If being a livable house was its true intent, its function, and was not created as just a remarkable design statement by someone given carte blanche to gonuts — bad architect. You go to your room now and think about what you’ve done. If the intent was to make a livable home, that intent lost the fight. TKO. And if you think that’s an unfair standard, I’d ask you this my dear reader and potential wealthy patron: What’s the point of a house that fails at being a house? What’s the point of a cabinet if it falls off the wall after you put your wares inside?
I don’t point this out to diminish Wright’s design achievement but to underline the principle: when form overwhelms function, you’re not going to be able to stop the cracks from showing. Maybe they won’t show right away, but they will in the end. [And yes, sometimes those cracks on the ceiling will have the habit of looking like a rabbit.]

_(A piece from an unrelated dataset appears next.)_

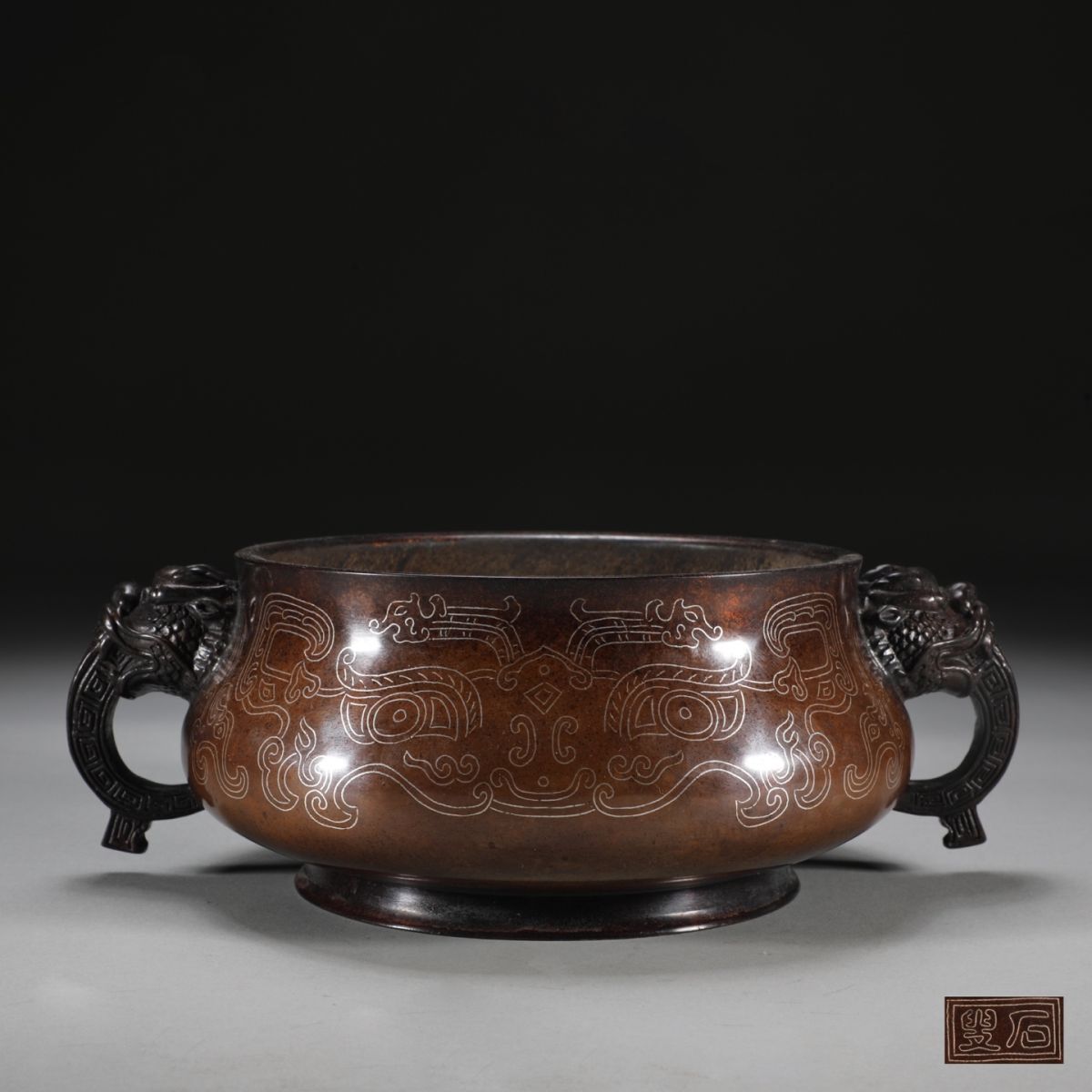 - 永し 明時代 石叟銘 古銅錯銀絲 饕餮紋龍耳爐 極細工 古銅彫 置物擺件 古美術品 時代物 古董品 収集 古美味 旧家蔵出 中国唐物 A8231

Fallingwater’s problems aren’t just some distant architectural discussion in my brain. They’re a reminder to me that ignoring the core purpose and practicality of a thing — or the limits of one’s chosen materials — will come back to chomp on you Night of the Living Dead-style. Chomp le chomp, we have a way of saying around here. [RIP George Romero] I’m not pouring cantilevers over a waterfall in my shop, but the principle’s the same. If I forget that a chair has to hold a human being, perhaps a frail one with brittle bones, without wobbling, or that a cabinet door ought to open without needing the jaws of life, I’m just making my, and maybe your, own smaller, leaky version of Fallingwater.
Every project is a balancing act, a negotiation between what looks right and what works right. Some days, function wins by a mile. Other days you come up with something to remind yourself it’s not all about utility. But the moment you start letting form push function out of the driver’s seat entirely, you’re on the super highway to leaks and rot and lots of scratch down the waterfall in revisions, repairs, and replacements. And I’ve seen where that ends. I don’t like it.
This doesn’t mean I’m a purely utilitarian (philosophy reference there for those of you still not paying attention in the back) and let the design fall where it may. The sweet spot is where the two meet and feed each other, where the form isn’t just decoration, but a product of solving the functional problems well. That’s where a piece earns its keep. Literally. You’ll want to keep it and not treat it as dumpster-grade furniture.
So yes, I’ll admire Fallingwater from a respectful, dry distance. But if you hand me the keys, don’t be surprised when I politely hand them back and ask if you’ve got something else, perhaps with a roof that doesn’t require a bucket in every room and a multimillion dollar endowment to keep it upright.
Okay. Now get out those bows and arrows and turn me into a pincushion a la the late, great Toshiro Mifune in Throne of Blood. That guy had form, all right. And plenty of function to match. Ha!
Addenda: I wanted to post an image of Fallingwater here, but I’m afraid that probably runs afoul of copyrights and I don’t want to get sued. I actually have a couple exterior shots I took probably 20 years ago on a visit, but the images are on 35mm slide film. Anybody out there still know what a “chrome” is? Probably not. No matter. So, the image I give you is of a photo of a large silver maple on my property next to the little bridge that goes across the little stream.